Second, we asked whether there is an age-related change in the lexical frequency of words used during conversation. Words that have a high frequency of usage in the language are typically produced more quickly and accurately (Jescheniak & Levelt, 1994). Thus, higher frequency words should be more available and easier to produce during conversation. To increase confidence that we were comparing similar words across speakers, we limited our analysis to the set of nouns used during each conversation. We first applied an automatic part-of-speech tagger (TreeTagger; Schmid, 1994) to our dataset to identify each word’s likely grammatical class (e.g., noun, past participle, determiner), and then extracted every word that had been tagged as either a noun (NN) or plural noun (NNS), excluding proper nouns. We used the CELEX English spoken word-form database (a 17.9 million spoken word corpus) to obtain frequency estimates for each noun, measured as frequency of occurrence per million words (CobSMln; Baayen, Piepenbrock, & van Rijn, 1993). Because word frequencies are heavily skewed (i.e., most words occur extremely infrequently), our analyses use log-transformed frequencies. In general, these analyses of both type/token ratio and lexical frequency were intended to provide a picture of whether speakers make an attempt to limit the difficulty of production by selecting simpler or fewer words.
Table 1 presents the complete correlation matrix for our set of measures, including speaker age. It is worth noting, first, that, across our sample, there was a significant negative correlation between type/token ratio and log word frequency, r = −.13, p < .03. That is, as speakers’ word selection became more diverse, they also exhibited a tendency to use more low frequency words. With respect to speaker age, we found a significant positive correlation between age and type/token ratio, r = .11, p < .05, suggesting that older adults used a greater variety of words. The correlation between age and log word frequency, though, was not significant, r = .06, p = .24, suggesting that older adults did not necessarily select more common words. This suggests that in conversational speech, like in other more constrained production contexts, type/token ratio increases and word frequency decreases with age (see also Kavé, Samuel-Enoch, & Adiv, 2009).

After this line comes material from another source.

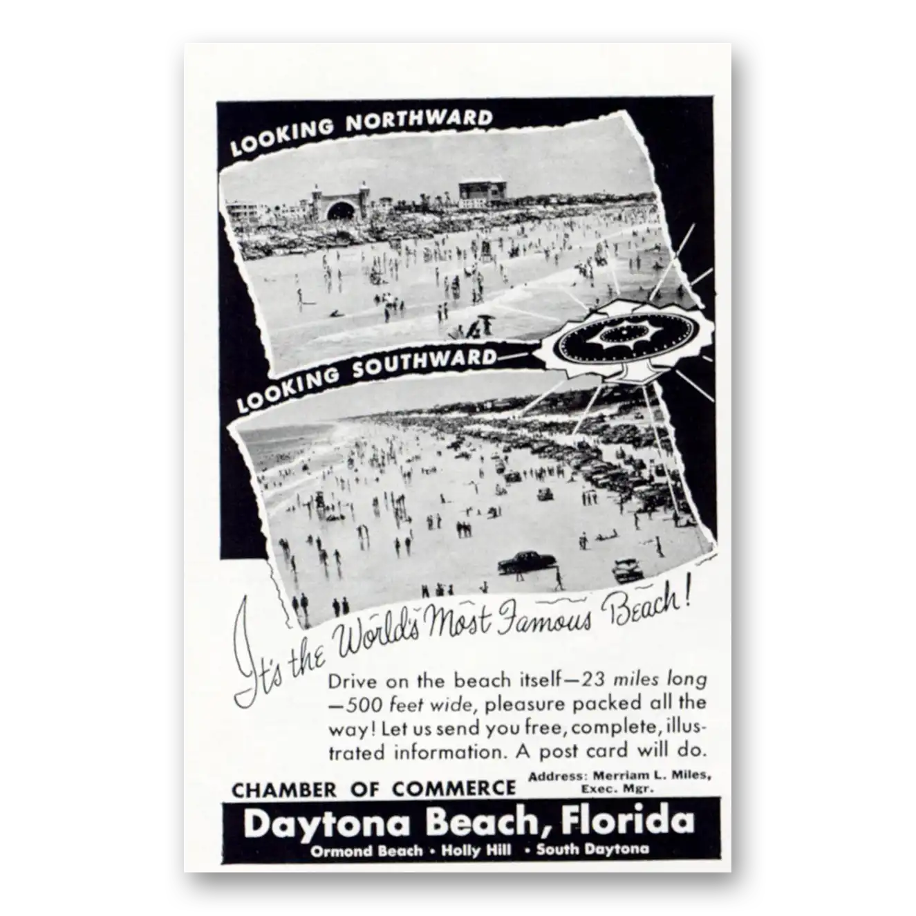1952 Daytona Beach Florida Print Ad | Famous Beach

Table 1. Correlation matrix for the measures of spoken language in the sample and speaker age (N = 336).
Filled pause rate |
“Uh” rate |
“Um” rate |
Sentence length |
Clause density a |
Type/ token ratio |
Log frequency |
Age | |
---|---|---|---|---|---|---|---|---|
Speech rate | −.35 *** | −.30 *** | −.14 * | .01 | .06- | −.19 *** | .16 ** | −.11 * |
Filled pause rate | - | .89 *** | .30 *** | .31 *** | .16 ** | −.12 * | −.06 | .17 ** |
“Uh” rate | - | −.16 ** | .35 *** | .20 *** | −.07 | −.05 | .27 *** | |
“Um” rate | - | −.06 | −.06 | −.10 ~ | −.03 | −.19 *** | ||
Sentence length | - | .86 *** | .07 | −.02 | .12 * | |||
Clause density | - | −.01 | .08 | .04 | ||||
Type/token ratio | - | −.13 * | .11 * | |||||
Log frequency | - | .06 |
Correlations involving clause density are based on a subsample of 308 speakers.
p < .001.
p < .01.
p < .05.
p = .07.
Another way that older speakers may reduce processing demands is by producing utterances with less complex grammatical structures (Kemper et al., 2003). We looked for age related changes in grammatical complexity using two measures: overall utterance length and clause density. For utterance length, we relied on the fact that the Switchboard corpus has been hand-annotated into “slash-units” (Meteer, Taylor, MacIntyre, & Iyer, 1995) that correspond maximally to sentences but which also indicate incomplete utterances terminated with a pause. Using this measure, we counted the number of utterances produced by each speaker, and divided this by the counts of individual words to obtain an average utterance length for each speaker. This measure is highly correlated with the morphologically based mean length of utterance (MLU; Parker & Brorson, 2005).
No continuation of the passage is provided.